Words by Grace Hussain
Nigerian activists are mobilizing to stop the construction of six slaughterhouses planned by JBS, the world’s largest meat processing company. In late 2024, the multinational corporation signed a memorandum of understanding (MOU) with the Nigerian government to invest in the facilities, citing efforts to address food insecurity in the country. If built, these would be the first JBS processing plants in Africa.
The decision has drawn criticism from environmental advocates, including Mariann Bassey-Olsson, who leads the nonprofit Environmental Rights Action, the Nigerian chapter of Friends of the Earth. She argues that the slaughterhouses are at odds with what’s best for Nigerians, and the social and environmental impacts of the proposed operations are alarming. “It’s a whole lot of issues for us that we are still grappling with,” she tells Sentient. “We don’t have the answers. We don’t know what these people are doing.”
The agreement highlights a growing imbalance in the global food system. New research published in September 2025 reveals that although the Global South — emerging and developing countries — produces an increasing share of the world’s food, most of the food and profits flow to the Global North. In 1995, the Global South produced 50% of the world’s food, but by 2020 was producing 80%, the study found.
“Countries like India and China and the rest of the Global South, Africa,” says Meghna Goyal, the lead author on the new study, “earn very little income from these sectors, even though they produce a majority of the world’s agriculture.”
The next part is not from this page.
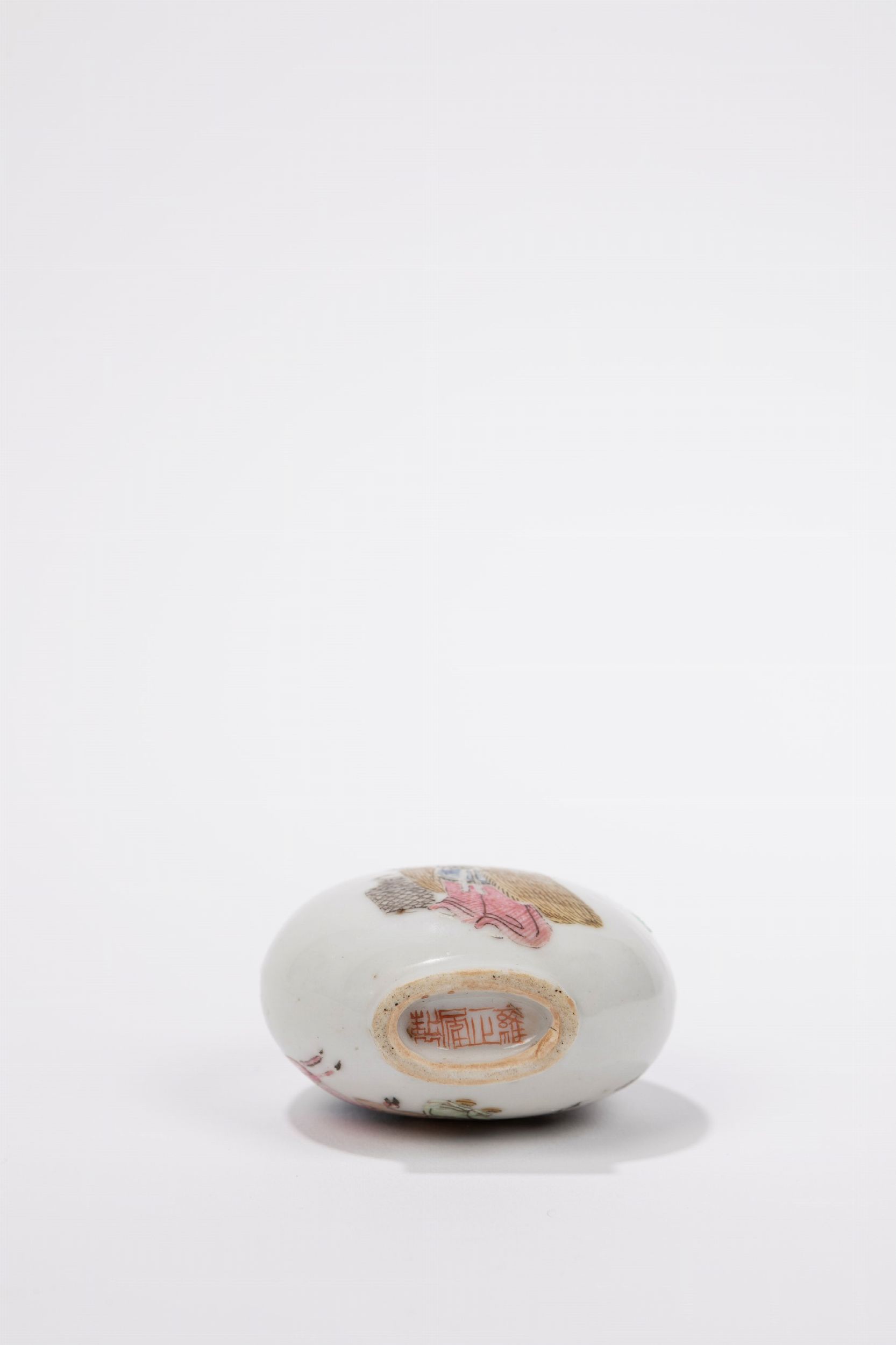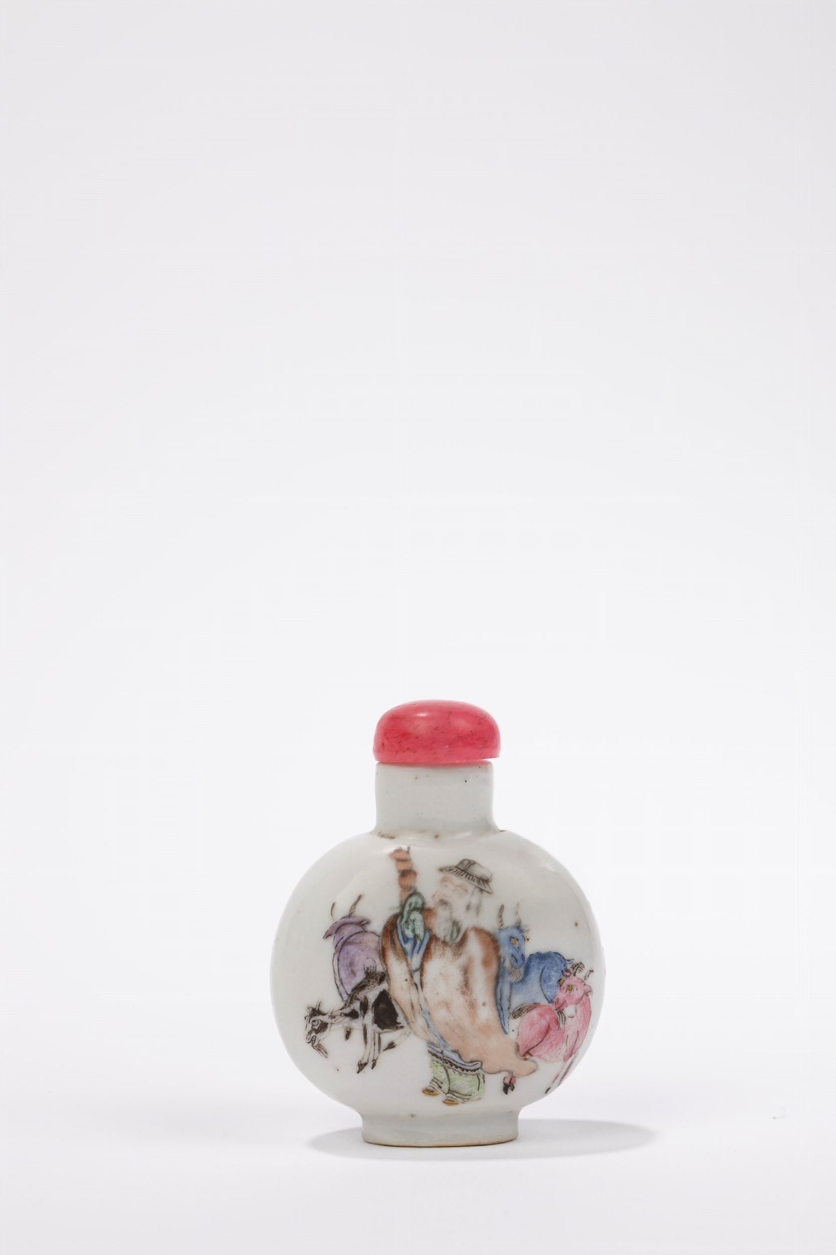 h cm 6,5 Cina, dinastia Qing, XIX secolo Decorata su un lato con un personaggio con capre e dall'altro con un saggio; al centro della base reca il marchio apocrifo a quattro carattere in rosso ferro dell'Imperatore Yongzheng; il tappino in vetro rosa.

JBS is a Brazilian-founded multinational meat-processing corporation. Of the six processing plants planned for Nigeria, three will be for poultry, two for beef and one for pork.
JBS has been criticized repeatedly for its environmental and social impacts. Despite the company’s pledge to produce deforestation-free beef, a recent investigation by the Greenpeace publication Unearthed reports that ranchers in Brazil say the goal is impossible to accomplish. Since announcing the pledge, the meat producer has been linked to sourcing cattle from a Brazilian farm penalized for the illegal deforestation of the Amazon rainforest — a major driver of global climate change.
In addition to its environmental impacts, JBS has faced scrutiny over the treatment of its slaughterhouse workers. Despite the relatively high pay, workers report dehumanizing and mentally taxing work.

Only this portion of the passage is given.